Ja, Low-Carb hat viele gesundheitliche Vorteile! Die Verminderung von hyperglykämischen Phasen reduziert das Diabetes-Risiko deutlich. Außerdem werden tendentiell weniger AGE ("Advanced glycation endproducts") gebildet, die das Bindegewebe altern lassen. Zudem sind die Glykogenspeicher nicht vollständig gefüllt, so dass der Körper bei längeren Phasen der Nahrungskarenz schneller auf Fettverbrennung umstellt. Der Alterungsprozess an sich wird aber dadurch allenfalls geringfügig verlangsamt.
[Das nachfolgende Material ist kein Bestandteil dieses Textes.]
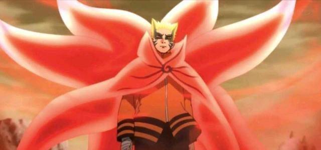 鸣人在慈弦的身边落下,卷起了大量的尘土,还伴随着红色的气流。博人的身体上出现了九尾的查克拉,然后鸣人的重粒子模式露出了真面目。这个形态下,鸣人的眼睛一圈都是黑色的,还有两根黑色的线条从头发的地方连接到眼睛,有点像九尾的耳朵。鸣人重粒子模式这个出场很帅气,而且背景音乐满分。

#5 RE: Low-Carb Strategie von Ununheilig 20.03.2014 11:28

Ich mache auch seit ca. 2 Jahren moderates Low-Carb. Habe dadurch ca. 7-8 Kg abgenommen, war auch vorher eigentlich einigermaßen schlank, nunmehr wieder schön definiert.[smile]

Allerdings esse ich sehr gerne Brot. Für das Frühstück habe ich auch noch keine vernünftige Alternative gefunden, Quark usw. schmeckt mir morgens noch nicht so und passt auch nicht zu Kaffee bzw. Tee. Auch Rühreier sind morgens gewöhnungsbedürftig.
Auf mein Gewicht hat der morgentliche Brot/Brötchenkonsum jedoch scheinbar keinen wesentlichen Einfluss.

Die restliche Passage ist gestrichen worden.